Tech diary
Some random thoughts or learnings.
2024-12-05 Thu
I always came cross real models. For example today https://2023.splashcon.org/details/iwaco-2023-papers/5/Borrow-checking-Hylo. Stay focused and consistently!
2024-10-06 Sun
I came across this repo https://github.com/libusual/libusual when I dig into pgbouncer. This is a super cool tool box. Just a mark here. I will read more about it.
2024-07-29 Mon
Python traceback and stacktrace are two different concepts. Traceback is an object from the place an exception is thrown to the place it is caught.
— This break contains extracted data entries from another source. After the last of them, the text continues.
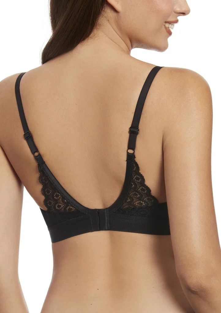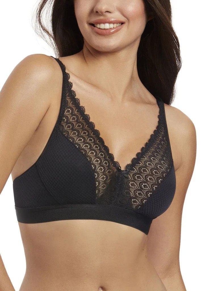 Dámská braletka od španělské značky Selene. Podprsenka má jemně strukturované nevyztužené košíčky bez kostic, které mají z vnitřní strany dekorovanou kraječkou sahající až k ramenům. Pevně všitá ramínka jsou lehce délkově nastavitelná. Spodní část podprsenky tvoří jemná pružná guma. Zadní část ramínek je zdobena krajkou, která sahá ke spodní části podprsenky. Zapínání je na dva háčky a čtyři řady.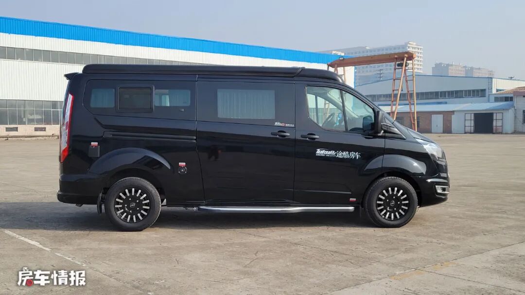这款来自于途酷推出的F378,是一款定位商旅版的B型房车,其全黑色的外观就已经很凸显商务风了,整车是基于福特新全顺V362中轴低顶底盘所打造的,长宽高分别为5341*2042*2134mm,为了和车身相互匹配,四个轮毂也更换为了带有运动风的熏黑轮毂。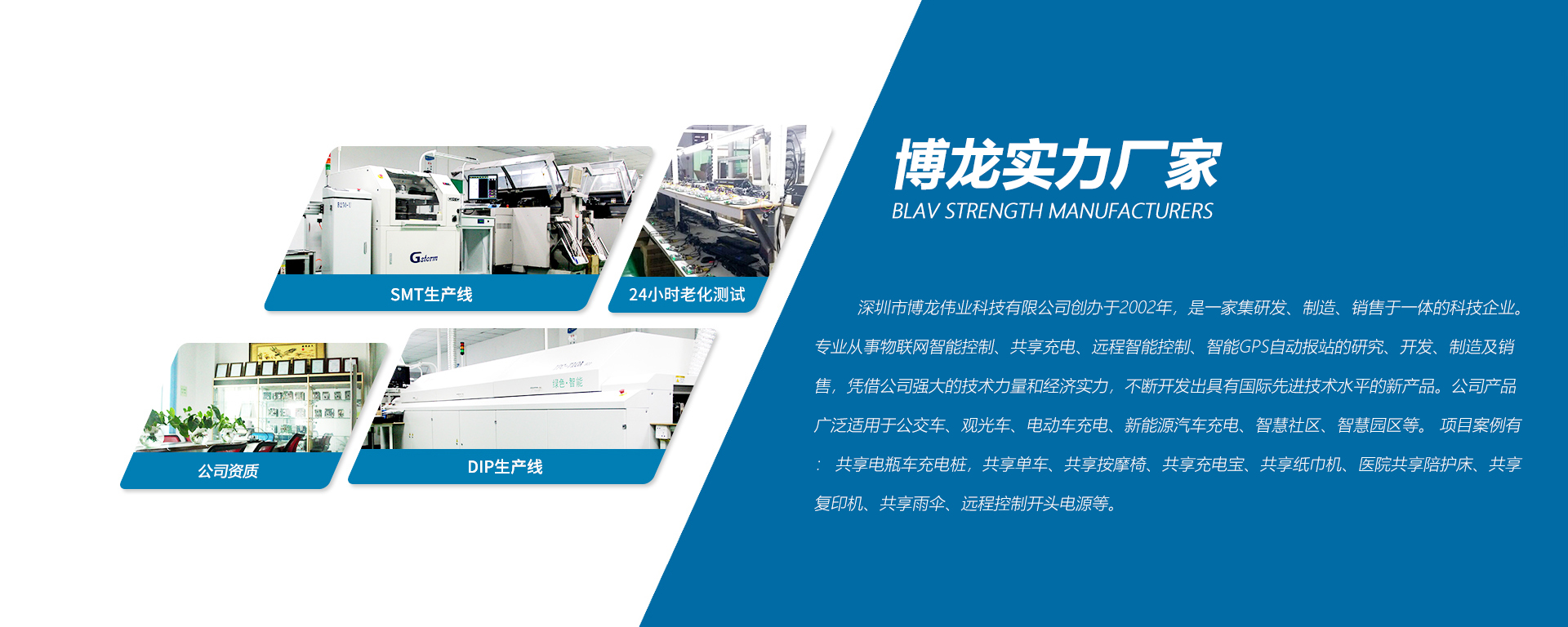 深圳市博龍偉業(yè)科技有限公司創(chuàng)辦于2002年,是一家集研發(fā)、制造、銷售于一體的科技企業(yè)。專業(yè)從事物聯(lián)網(wǎng)智能控制、共享充電、遠(yuǎn)程智能控制、智能GPS自動報站的研究、開發(fā)、制造及銷售,憑借公司強(qiáng)大的技術(shù)力量和經(jīng)濟(jì)實(shí)力,不斷開發(fā)出具有國際先進(jìn)技術(shù)水平的新產(chǎn)品。公司產(chǎn)品廣泛適用于公交車、觀光車、電動車充電、新能源汽車充電、智慧社區(qū)、智慧園區(qū)等。 項目案例有: 共享電瓶車充電樁,共享單車、共享按摩椅、共享充電寶、共享紙巾機(jī)、醫(yī)院共享陪護(hù)床、共享復(fù)印 機(jī)、共享雨傘、遠(yuǎn)程控制開頭電源等。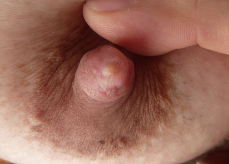 Жжет весь сосок, особенно после кормления. Доча сильно уж иногда впивается. Такая картина на двух грудях. Я уже рот у ребенка посмотрела - чисто там.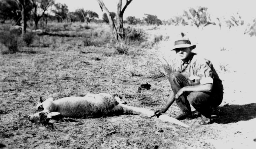Keywords: StateLibQld 1 166063 Kangaroo hunting, Thylungra, 1924.jpg en Kangaroo hunting Thylungra 1924 Man posing with a dead kangaroo at Thylungra in 1924 The man is holding a knife suggesting he may be about to skin the animal 1924-08-01 handle 10462/deriv/112722 Item is held by John Oxley Library State Library of Queensland PD-Australia StateLibQld-License people in 1924 Unidentified Macropus Farms in Australia 1924 in Australia Black and white photographs Hunting in Australia Dead kangaroos Kangaroo hunting Hunters with their kill |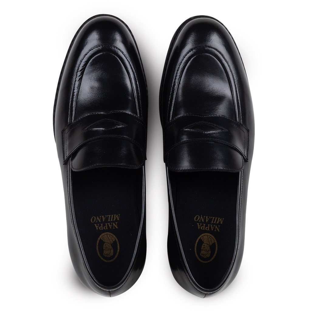 Noir Penny Loafers - Nappa Milano - Men's Leather Shoes Loafer Men Loafer Shoes Men

Stacktrace is the call frames from current location to the main function.
logging
library supports both of them: exc_info=True
and stack_info=True
. Also logging.exception(...)
has exc_info=True
by default.
2024-07-23 Tue
Today I learned a very interesting skill about Remote Code Execution attach. See link. Basically, kafka-ui
has this vulnerability. We can use https://www.revshells.com/ to auto generate the reverse shell code. It is very fantastic.
2024-06-17 Mon
“You have to win the roadmap.” – Lisa Su
2024-06-12 Mon
TIL: https://github.com/rr-debugger/rr
2024-06-10 Mon
TIL: popcnt is a CPU instruction to count the number of 1’s in a binary word. C++ has a function for it https://en.cppreference.com/w/cpp/numeric/popcount.
2024-05-31 Fri
After upgrading MacOS, nerds fonts refused to work. After a quick search online, I found it is the problem with iTerm2: settings -> profiles -> default -> Text -> font -> Hack Nerd Font
. Maybe I should spend some time learning the internals of how font works inside terminal emulator.
2024-05-15 Wed
I just watched a video from Jeff Dean about ML, and wrote down the papers mentioned below. Hopefully, I will have chance of reading them sometime in the future.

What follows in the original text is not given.